What I’m saying is, “Aileen Wuornos: American Boogeywoman” can best be summed up with that “Beyond Belief” meme of Jonathan Frakes smiling. “Never happened.”
“American Boogeywoman” tries justifying its egregious embellishment by framing the film as a Death Row recollection from a purposefully unreliable narrator: Wuornos herself. Looking to get a piece of the profitability pie others have enjoyed by exploiting her story, Wuornos intentionally trumps up the tale told to a documentarian so she can concoct something more likely to make money. Kind of like PR people pitching “American Boogeywoman” as a prequel to “Monster” when no one involved with Charlize Theron’s Academy Award-winning film had a single thing to do with this. Or maybe Wuornos is merely bored, like any average audience member will be with this movie, and has nothing better to do while awaiting execution, which is what some viewers may wish for if they endure all 85 minutes.
Something worth mentioning about these wraparound segments however, is that actress Ashley Atwood looks absolutely incredible as the older Aileen. Atwood cuts into the crazy with a wild chainsaw instead of a subtle scalpel, but the makeup molds her as a dead ringer for Wuornos, right down to the crooked teeth. For a horrifying person, she looks truly terrific.

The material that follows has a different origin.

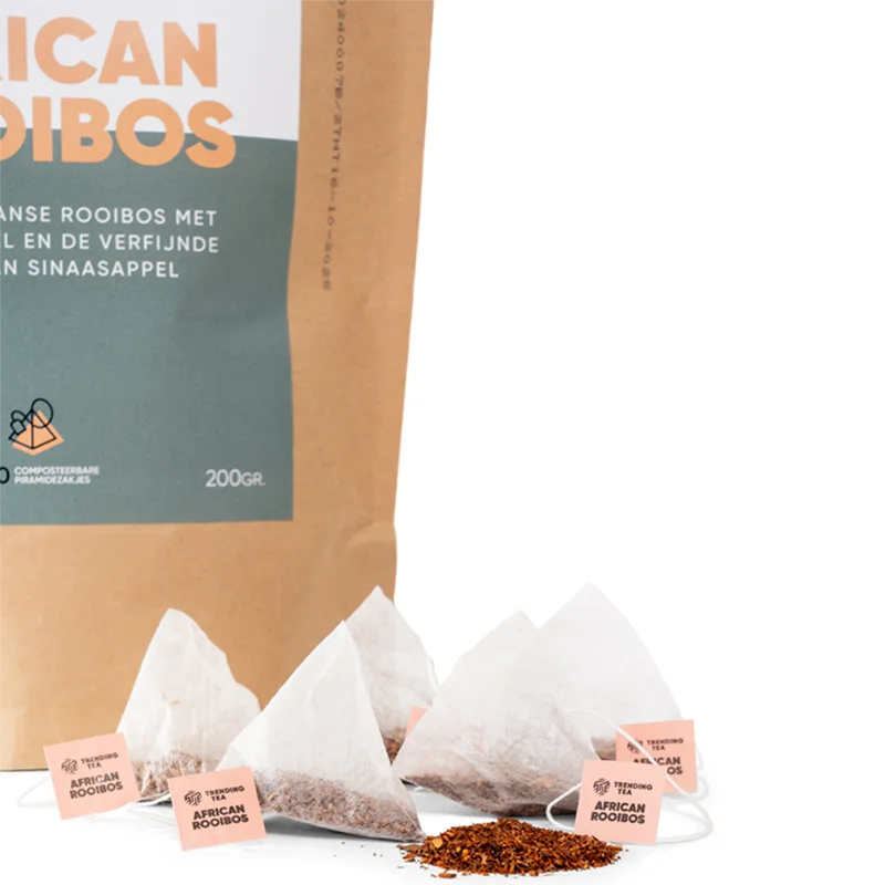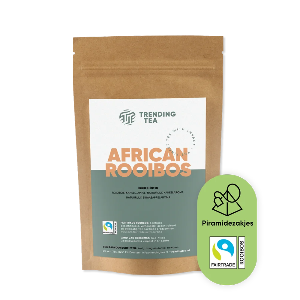De African Rooibos thee van TrendingTea is Fairtrade. De piramidetheezakjes zijn 100% composteerbaar, plasticvrij en mogen bij het gft-afval. De thee is verpakt in een grootverpakking wat zorgt voor minder onnodig verpakkingsmateriaal.

For the rest of the film, “Cobra Kai’s” Peyton List plays 20-year-old Wuornos. She’s fine. Problems with Wuornos’ portrayal may have more to do with direction and staging than with List’s performance. Every scene where Wuornos’ rage gets triggered essentially plays the same way. List curls her lips back from her teeth, leans forward at the waist, and growls in the face of anyone who dares to confront her. Rinse, repeat.
“American Boogeywoman” comes from writer/director Daniel Farrands. Farrands previously made “The Amityville Murders” (review here), “The Haunting of Sharon Tate” (review here), “The Murder of Nicole Brown Simpson” (review here), and “Ted Bundy: American Boogeyman” (review here). If you’re familiar with any of those films, then I don’t need to tell you what kind of ghoulishly revisionist, cheap claptrap we’re dealing with here. If you haven’t seen any of those films, oh how I envy you for dodging their bullets of B-movie badness.
Actually, B is too high of a letter for where this Lifetime-level “true” crime biopic lands on the salacious soap opera scale. Production wise, this is the most technically polished of those five films in terms of visual value, thanks in part to attractive locations. Too bad the film has zero informative value related to Wuornos’ real life, and only minimally more worth as trashy tabloid entertainment.